Марго осмотрела племянницу очень внимательно — она знала, что к делу надо готовиться серьезно: Европа оказалась в таком положении, что ей оставалось только больше производить и вывозить или же задохнуться в самой себе.
Конкуренция с другими странами становилась непосильной: эксцентричные американки оставались привлекательными даже в самых идиотских модных штанах и разлетайках, а тут еще подошли представительницы разных колониальных народов, вроде вечно похожих на девочек в самом опасном возрасте индокитаянок.
В спешном порядке Марго послала племянницу к хорошему парикмахеру, купила ей отличное белье и прочла ряд интимных лекций о привычках, манерах и способностях предполагаемых потребителей и, как только с востока пришло нечто похожее на приглашение, усадила девушку в поезд и отправила завоевывать будущее…
А вечером даже всплакнула, вспоминая молодость и ленивую жизнь в Захудаевке. Плакала, впрочем, недолго, потому что Альфонс храпел так, что и вспоминать мешал, а когда она толкнула его локтем, спросонья понял это, как приглашение, и перевел жизнь совсем на другие рельсы…
На конечной станции Марго-младшая выглянула из окна и остолбенела: такая туча народу собралась ее встречать. Повсюду были флаги, гирлянды и вензеля «М» с фиговым листиком вместо короны. Впрочем, оказалось, что у Марго есть соперник на ту же букву: в приветственном гимне, который усердно ревела толпа, то и дело повторялось: «мы за мир». И на триумфальной арке при выходе с вокзала значилось: «Да здравствует Марго и Мир!»
Принять гостью в поезд вошла почетная делегация из Виссарионычей: один взял ее чемоданчик, другой зонтик, третий открывал и закрывал двери, а четвертый — по азбуке глухонемых — пытался ее развлекать…
На перроне начались приношения, поражавшие, впрочем, скорее количеством, чем качеством: за это время Николинцы так отстали от жизни, что думали Европу на одни добрые чувства взять.
Когда прибыли на место назначения, главный Виссарионыч на серебряном — из сервиза покойного Барина — блюде поднес Марго настоящий фиговый листик, и француженка, закрыв лицо самой пленительной из своего запаса улыбкой, нацепила его куда следует. Нацепила, разумеется, не на открытом воздухе, как мечтал в свое время Владимир Ильич Голотяпов, а в специальном отремонтированном, утепленном и комфортабельно обставленном салоне бывшего барского дома. Так что собственный корреспондент с Марса, например, ни за что не разобрался бы, продолжает ли великая идея Владимира Ильича свое победное шествие на планете Земля или же гусарские предки покойного Барина — во втором воплощении — начинают цыганский кутеж.
Самое смешное, что на самом деле было и то, и другое, и, хотя в математике плюс да минус взаимно уничтожаются, — здесь они существовали как ни в чем не бывало и, по-видимому, только крепчали в противоестественном сожительстве…
Правда, если баричи рвались в свое время в Европейское лоно, чтобы, вернувшись, так сказать, на переделку в эмбриональное состояние, снова родиться уже с «четырехвосткой» и прочими атрибутами просвещенного Запада, — то Виссарионычи собирались получить свое удовольствие и затем запросто могли отправить Марго и под тот самый сарай, под которым как будто сгнивала бобылка Маланья.
Пока что, однако, они горой стояли за сосуществование.
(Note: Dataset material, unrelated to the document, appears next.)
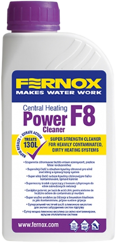 A Power Cleaner F8 egy pH-semleges, citromsav alapú tisztítószer, mely erősen vízköves és iszapos lerakódásokkal szennyezett fűtésrendszerek tisztítására szolgál. Ideális időszakos karbantartásokhoz és a kazáncsere alkalmával esedékes rendszermosáshoz. Erős, és nagyon hatékony összetételének köszönhetően jelentősen meggyorsítja a fűtésrendszermosó gépekkel végzett munkát. Egy 500 ml-es újrahasznosítható flakon elegendő egy akár max. 130 literes rendszer, (16 radiátor) vagy 250 m2-es padlófűtés kezelésére. Mivel pH-semleges, a mosási folyamat végén elegendő egy általános tisztavizes öblítés, semlegesítő adalék használatára nincs szükség. Nem habzik. A fűtőrendszerekben általánosan használt összes fémmel és anyaggal használható, beleértve az alumíniumot is.

Разумеется, в салоне присутствовали только «свои», и энтузиазм перешел через все точки кипения. Виссарионычи так громко кричали: «Ура! Да здравствует рай!», что старухи в деревне крестились. Старухи крестились, а мужики стояли кучками и смотрели издали на освещенные (и занавешенные) окна того флигеля, в котором совершалось великое тайнодействие. Смотрели, молчали и думали… Впрочем, они ничего не думали, так как покойный Виссарионыч начисто отучил их от этого бесполезного занятия.
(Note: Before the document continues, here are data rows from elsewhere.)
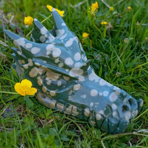 Lunarity our largest skull made of Snakeskin Jasper arrived the following year who helps with past life healing and then Rafundus our 10 inch black obsidian Dragon Skull.
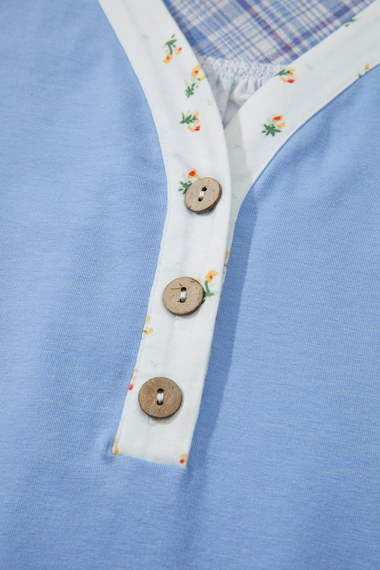 Elevate your everyday style with this charming blouse that effortlessly blends sophistication and fun. The relaxed fit flatters all body types, while the floral V-neckline adds a touch of romance. Plaid bubble sleeves bring playful femininity, and the patchwork color-block design creates an eye-catching statement. Front button detailing offers easy styling versatility. Perfect for dressing up casual outfits or adding personality to your work wardrobe. Polyester/Cotton/Spandex
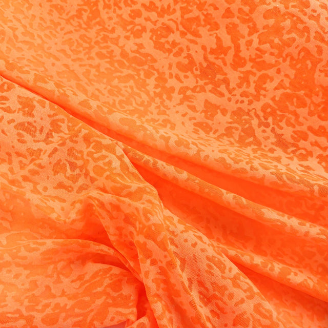 Very fine polyester burnout fashion jersey in fluorescent orange.
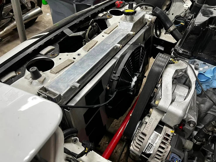 Upgrade your Miata's cooling system with our NA Miata Radiator Fan Shroud, expertly designed to fit 90-97 Miatas flawlessly with the stock or Mishimoto radiator. Engineered for enhanced functionality, this shroud creates additional space for intercooler piping on both sides of the engine bay, ensuring optimal performance in any driving condition.

Один дед Аким, еще помнивший старые времена, долго доил жиденькие мочала своей седенькой бородки и наконец разразился: «Раньше баре были глупее, — прошамкал он, — а таперя — злея… А простой человек как раньши, так и таперя за голый кусок аржаной от зорьки до зорьки должон лоб греть. И нет яму ни ущиты, ни спокою!»…
— Все… — внушительно произнес Емельян Степанович, уложил рукопись в заметно эмигрантский — с оторванной ручкой и не закрывающимся замком — портфель и, как будто с полным безразличием, принялся за свой заледеневший чай.
Напряженно ожидавший рокового слова председательствующий Иван Иванович, словно атлет, продолжающий тянуть веревку, которую вдруг отпустили, — от вполне благочестивого конца повествушки потерял душевное равновесие, растерялся и, свихнув впопыхах вставную челюсть, прочно и мучительно онемел.